Royal Society of NSW News & Events

Royal Society of NSW News & Events

Society Fellow, Alison Bashford, named as a 2021 Dan David Prize Laureate

Professor Alison BashfordThe Council of the Royal Society of NSW warmly congratulates one of its Fellows, ARC Laureate Professor Alison Bashford FRSN FAHA FRHistS of UNSW (Sydney), on being named as a 2021 Dan David Prize Laureate.  Professor Bashford is the Director of the Laureate Centre for History & Population at UNSW Arts, Design & Architecture, and was the 2020 winner of the Royal Society of NSW History and Philosophy of Science Prize.

The Dan David Prize is a prestigious international prize, which annually makes three awards of US$1 million each for achievements having an outstanding scientific, technological, cultural or social impact on our world. Each year fields are chosen within the three Time Dimensions — Past, Present and Future. The total purse of $US3 million makes this prestigious prize also one of the highest valued awards internationally.

Professor Bashford is one of three international scholars who have received Laureates in the category Past: History of Health and Medicine.—with the other two being Professor Katharine Park (Harvard University) and Professor Keith Wailoo (Princeton University). 

Dr Anthony Fauci, Director of the US National Institute of Allergy and Infectious Diseases (NIAID) was awarded the Present: Public Health prize, while pioneers of an anti-cancer immunotherapy, Professor Zelig Eshhar (Weizmann Institute of Science and the Tel Aviv Sourasky Medical Center), Professor Carl June (University of Pennsylvania) and Dr Steven Rosenberg (National Cancer Institute in Bethesda, Maryland) were named as Laureates in the Future: Molecular Medicine category.

The citation for Professor Bashford’s Laureate notes that she has contributed immensely to the history of medicine and science by connecting it with global history and environmental history into new assessments of the modern world, from the 18th to the 20th centuries. Laureate Professor of History at the University of New South Wales, Sydney, Australia and Director of the Laureate Centre for History & Population, and Honorary Fellow, Jesus College, Cambridge, Bashford’s work is unusually expansive across geographies, topics, and periods.

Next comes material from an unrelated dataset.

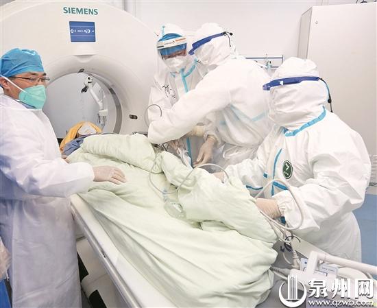 担架固定好后,救援人员将其抬上救护车。在警车开道下,救护车一路疾驰到泉州市第一医院。
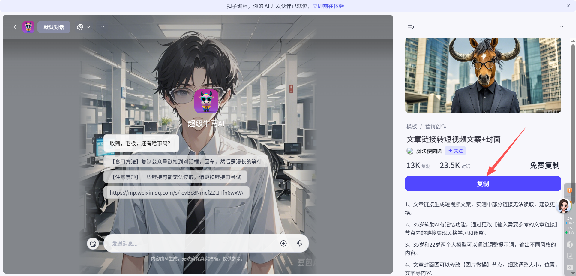 目录 搜索 展开 首页目录一、功能介绍及配置AI手机软件介绍设置手机权限开启手机常亮二、手机相关功能使用AI获客 视频号获客开启之旅AI手机所有问题AI终端绑定问题AI销售AI销售如何使用 AI销售绑定问题 三、系统其他功能使用 24小时自动任务执行AI会议纪要AI知识库教程AI智能体智能体 coze智能体coze工作流 AI数字人 AI陪练AI人事 AI思维导图AI图片 暂无相关搜索结果! 阅读次数:6 本文档使用 MinDoc 发布 coze智能体 coze智能体注意:智能体必须发布才可以使用!!!创建教程1.在coze的模版商店有许多模版,选择你想要的模版点击(注意查看是否是智能体)2.点击复制3.选择单Agent(对话流模式)4.点击发布5.打开您的URL,“bot/一串数字”这后面的这串数字就是ID作者:江苏华睿云科数字科技有限公司 创建时间:2026-01-26 11:23最后编辑:江苏华睿云科数字科技有限公司 更新时间:2026-02-11 16:41

She has led global discussion about the history of health and medicine in four major areas: quarantine and medico-legal border control; population and eugenics; the links between colonial and world health; and gender and health as a key driver of modern world history. In all these areas, Bashford’s books, articles and public discussion offer large-scale and integrated analyses of how the twenty first century world came to be.

Her longstanding historical work on quarantine and infectious disease has been a major resource in the context of the coronavirus pandemic. Bashford brings together scholars from across the world, and across many disciplines, to consider how the past and present fold together. When biosecurity threats of SARS, anthrax, and avian influenza suddenly amplified political insecurity in the early 2000s, she convened leading thinkers quickly, producing a trio of books that have deepened our understanding of that complex global moment, unexpectedly renewed with the emergence of Covid-19.

Throughout her work on eugenics, Bashford has eschewed an obvious exposé history. She has been far more driven to understand how and why it flourished amongst progressivists, modernists, and reformers, and how, counter-intuitively, some anti-racists and anti-colonials also pursued eugenics. Perhaps her most original contribution has been to analyze eugenics within twentieth-century conceptions of “freedom” and “duty,” along with coercion and force. Her work has linked the practice of eugenics to the emergence of a global liberal and neo-liberal order, as much as to the history of fascism to which it is typically connected.